Director – Steven Soderbergh – 2025 – US – Cert. 15 – 93m
*
A spy is tasked with finding and eliminating a mole from a list of five suspects – one of whom is his wife… out in UK cinemas on Friday, March 14th
London-based George Woodhouse (Michael Fassbender) meets with a fellow operative, who informs him the organisation has been compromised. To sort this out, and find and eliminate the mole, the operative has produced a list of five suspects. One of which is George’s wife, Kathryn St. Jean, because she ticks all the suspect boxes. Neglecting to tell Kathryn (Cate Blanchett) that she is one of the names on the list, George enlists her help in concocting a plan to identify the suspect. In the spy business, relationships inevitably involve not telling things to one another and not asking about them either.

Thus, the couple invite four colleagues – Freddie Smalls (Tom Burke), Clarissa Dubose (Marisa Abela), Col. James Stokes (Regé-Jean Page) and psychiatrist Dr. Zoe Vaughan (Naomie Harris) – round to their lavish London flat for dinner, where each of the four are surprised to discover three more guests than they anticipated. At the dinner table, George commences his plan by having his guests play a game. Further down his plan is the idea of carrying out a lie detector test, but that will have to wait until later. By the end of the evening, he is no closer to knowing the suspect’s identity…

While this is a great set-up for a spy thriller, there is nothing about any of the characters that evokes the slightest bit of sympathy that might allow you to get a handle on them for them. Granted, the conversation and the back and forth cut and thrust within it unearths some clandestine sexual liaisons, but that, of itself, doesn’t do the job. That said, if the opening meeting and dinner party hold the attention almost on the grounds of tension alone, what follows doesn’t grip the audience in the same way. Much use is subsequently made of various characters being cross-examined on Dr. Zoe Vaughan’s psychiatrist’s couch, and the film plays a further casting ace by making an ageing, grey-haired Pierce Brosnan the organisation’s besuited boss. Yet, despite the actor’s trademark twinkle in his eye, the cold and distant nature of his character as written on the page means he’s as difficult to relate to as everyone else here.

Curiously, the film picks up again as it draws to a close, as George subjects the various suspects to the lie detector test promised in the opening reel, in which separate tests on a series of subjects are presented (either through clever scripting or judicious editing later in the filmmaking process) as if they were just one test as, for example, a question is asked and the person who answers it in the next shot isn’t the one we thought was being asked that question.

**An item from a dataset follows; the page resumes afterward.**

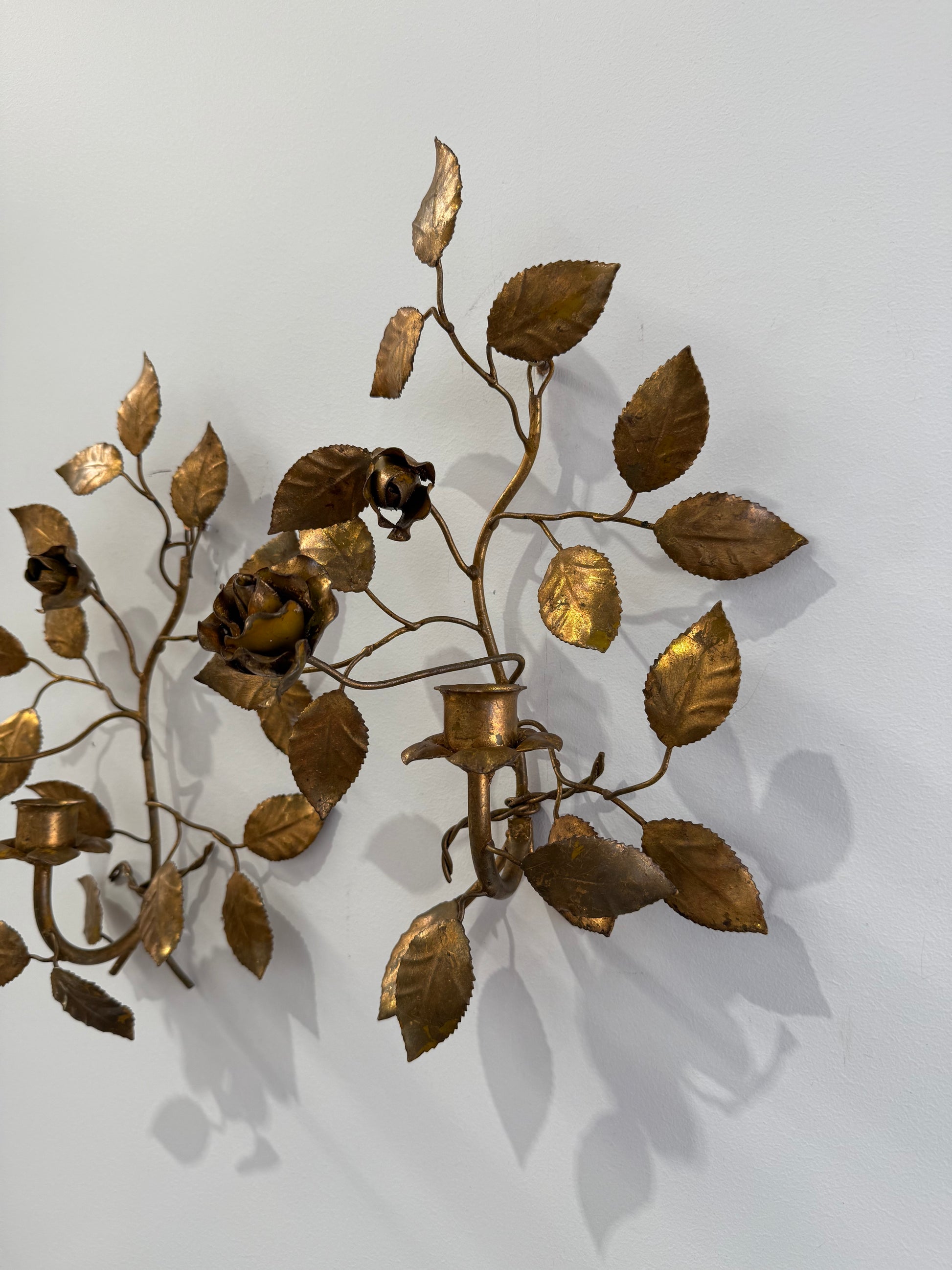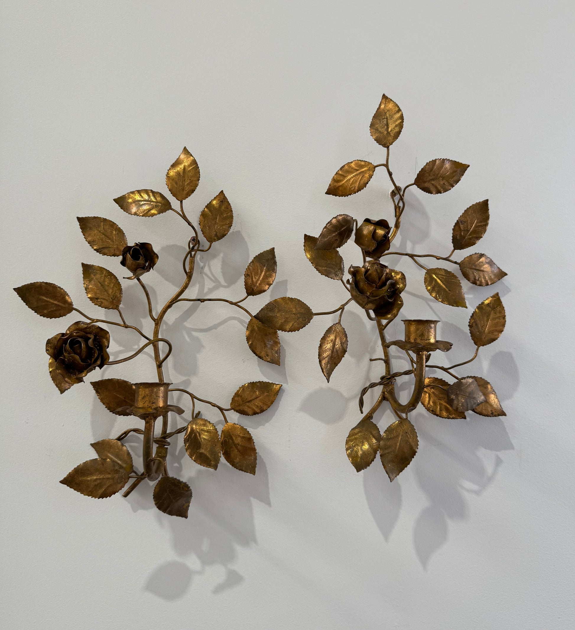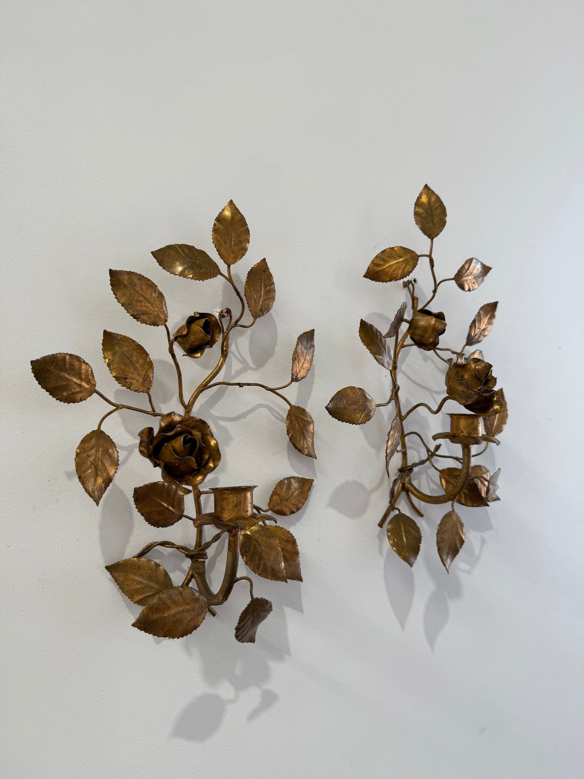 Pair of vintage Italian brass tolware wall mounted candle holder. Beautiful detailing with decorative flowers. Circa 1960’s. Sourced in France

For the finale, in the long-established, screenwriting tradition of having narrative endings mirror openings, George and Kathryn stage a second dinner party, with a different game – one involving a handgun placed in the centre of the table. Like its opening counterpart, this scene, too, is compelling.

All this feels like someone had a great idea for an opening, a great idea for an ending, and no idea what to do in between. And a set of characters for whom the audience struggle to have any sympathy. Which suggests something that, with further script development, could have been very effective had these issues been ironed out. Perhaps the lie detector test scene should have been placed earlier in the proceedings – we are tantalised with the prospect of it early on, but then it takes an eternity to arrive (and this is in a commendably brief 90-odd minute running length, which gives some idea of the film’s problems). As it stands, aside from the impressive bookends, and a stellar cast pulling out all the stops, this is a slog to be avoided at all costs.
Which is a shame, because the trailer makes it look terrific. You have been warned.
Black Bag is out in cinemas in the UK on Friday, March 14th.